То ли ему не могли простить, что он был заместителем Стрелкова и в чине майора имел должность заместителя министра обороны, то ли по каким-то другим причинам, но после исхода Стрелкова из Славянска, он два месяца находился не у дел, хотя Донецк был на осадном положении, тёмен, мрачен и вокруг грохотало; к чести Ефрема Набатникова, он посвятил это время вооружению армии, мотался, как ужаленный, по заводам и поднимал ремонт бронетанковой техники. В районе улицы Ткаченко он снял с памятника 120-миллиметровый миномёт времён отечественной войны, и с него стали сделать копии для фронта. Потом получил должность коменданта Киевского района и до конца военного положения охранял город. Потом о нём забыли на целую осень, и это стоило ему первой седины в висках, потом снова вспомнили, и он стал «замком» – заместителем командира стрелкового батальона, кошмарил укрофашистов на фронтах ДНР и не угомонился, даже когда меня по его милости эвакуировали в Москву.
Мы ходили по тылам, сотни раз пересекая участок между посадкой и полем, что слева от Перлиной, в виду Еленовки и элеватора, и ничего, а в этот раз у них, видно, где-то сел корректировщик артиллерийского огня, должно быть, в том же самом элеваторе. Мы прыгнули в машину и помчались, а там, где мы были мгновение назад, вырастали миномётные разрывы. Потом они стали нас нагонять, и мы поняли, что всё равно не уйдём. И Ефрем Набатников скомандовал покинуть машину. Мы прыгали на ходу, Дьяконов (позывной Рем) только слегка притормозил, и мы посыпались из кузова, как яблоки на дорогу. Мои ноги ещё не коснулись земли, а Рем уже дал газу и погнал в горку, я побежал следом за Ефремом Набатниковым в акациевую посадку. Девятикилограммовый ПКМ с полным лентой казался мне не тяжелее соломинки, и я даже обогнал всех и первым плюхнулся под корни акации и стал быстро-быстро окапываться, хотя почва была сухой и твёрдой, как бетон. Потом сзади ухнуло, земля вздрогнула и сразу же ещё раз, я оглянулся и увидел, что на холме горит Рем, а вокруг летают обломки. Лохматый хотел было кинуться, но Ефрем Набатников крикнул: «Куда?!» Ясно было, что уже ничем не поможешь. И мы стали расползаться, как тараканы, по щелям и канавам.

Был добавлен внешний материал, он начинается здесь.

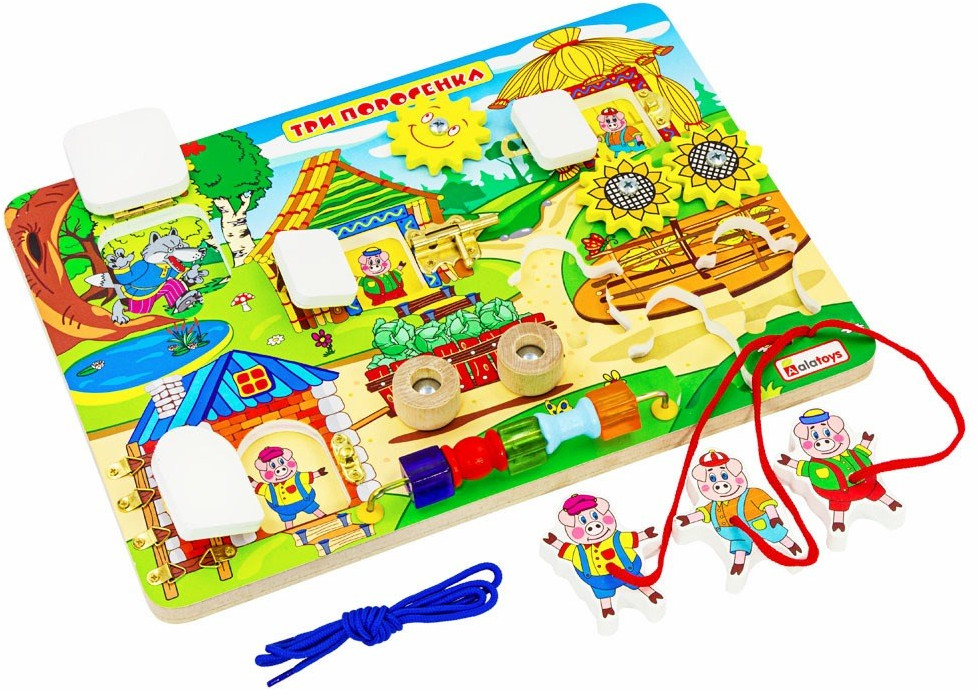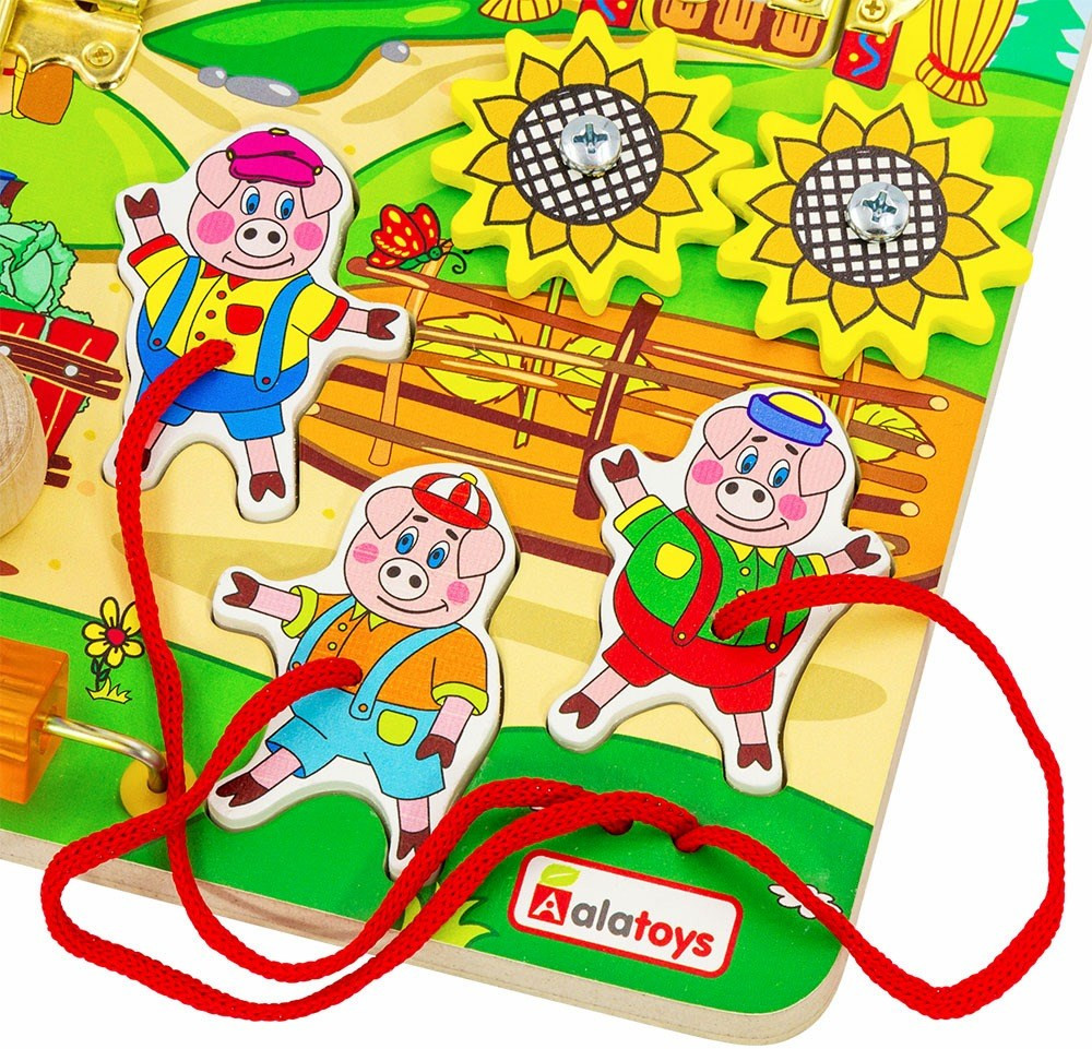 Alatoys Бизиборд «Три поросенка»В данный момент этот товар отсутствует в продаже. Возможно, у нас найдется аналогичный или похожий товар здесь. Бизиборд — это развивающая доска (стационарная или мобильная) с закрепленными на ней предметами, которые обычно интересуют малышей в доме. Ребенок познает принцип действия многих вещей из жизни взрослого человека. При этом игра не представляет опасности и увлекает детей на продолжительное время. |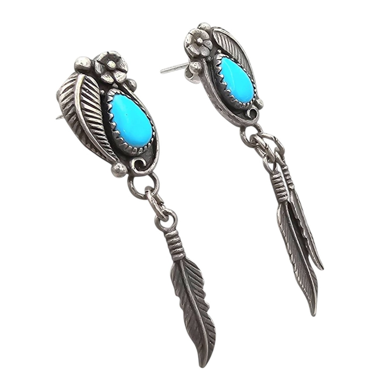 Wheeler Manufacturing Sterling Turquoise Feather Earrings

Когда мина воет, как дикая кошка, то, значит, летит мимо и взорвётся далеко, а если коротко свистит, то – рядом и по твою душу.
Потом они занялись нами, и мины стали детонировать совсем близко, вначале – в поле, потом – в кронах деревьев, осыпая всё окрест осколками. И в этот момент Ефрем Набатников решил, что везучесть наконец изменила ему. Он каким-то непостижимым образом оказался рядом и стал втискиваться в ту самую ямку, которую я, срывая ногти, успел вырыть между корнями акации, в которую и кролик не влезет; на душе мелькнул его золотой жетон с инициалами Е. Н. «Куда?! Куда?! – запротестовал я сварливо, в том смысле, что у тебя своя ямка есть! Но когда взглянул на него, то понял, что он не в себе и даже не слышит меня, а обращён только к минам, как к богу в небесах. В этот момент она, действительно, и прилетела, и должна была убить нас обоих, я даже почувствовал, где она взорвётся: в третьей развилке, правее, с краю, как раз прямёхонько над нами, и даже увидел, словно в замедленной съёмке, как лопается металл и сквозь него прорывается пламя. И Ефрема Набатникова тоже это увидел и прикрылся мной, то бишь нырнул и отжался, как штангой. И всё. Больше я ничего не помнил. Может, я и был его везением, однако, не понял своего счатья. Хорошо хоть мне левую руку не оттяпали, а дали срастись.
***
На обратном пути я заскочил в ювелирный, что в Столешниковом переулке, купил обручальное кольцо и радостный, и окрылённый помчался к Алле Потёмкиной в «Сити». Было шестнадцать десять, а в шестнадцать пятьдесят пять я вошёл к ней и понял, что что-то случилось.
Первым, кого я увидел, был мужественный Радий Каранда. Видно, он каким-то образом проведал, что я явился.
– Брат!
Выскочил навстречу, блестящий, как колено, и неунывающий, как щенок; мы скупо обнялись, и он меня три раза похлопал по спине, и я его тоже три раза похлопал по спине; он отстранился, вопросительно посмотрел на меня и подергал, как пингвин, лысой головой, мол, чего ты такой радый?
Хотел я ему похвастаться, что у меня сегодня второй день рождения, но на всякий случай передумал, решив лишний раз не дёргать судьбу за хвост. Успеется.
– Извини, тороплюсь! – сообразил я, что он всем своим видом намекает на очередной рейд по кабакам, но в более конкретной форме грандиозного загула на радость нашим душам, желудкам и строптивым жёнам, хотя жены у него не было.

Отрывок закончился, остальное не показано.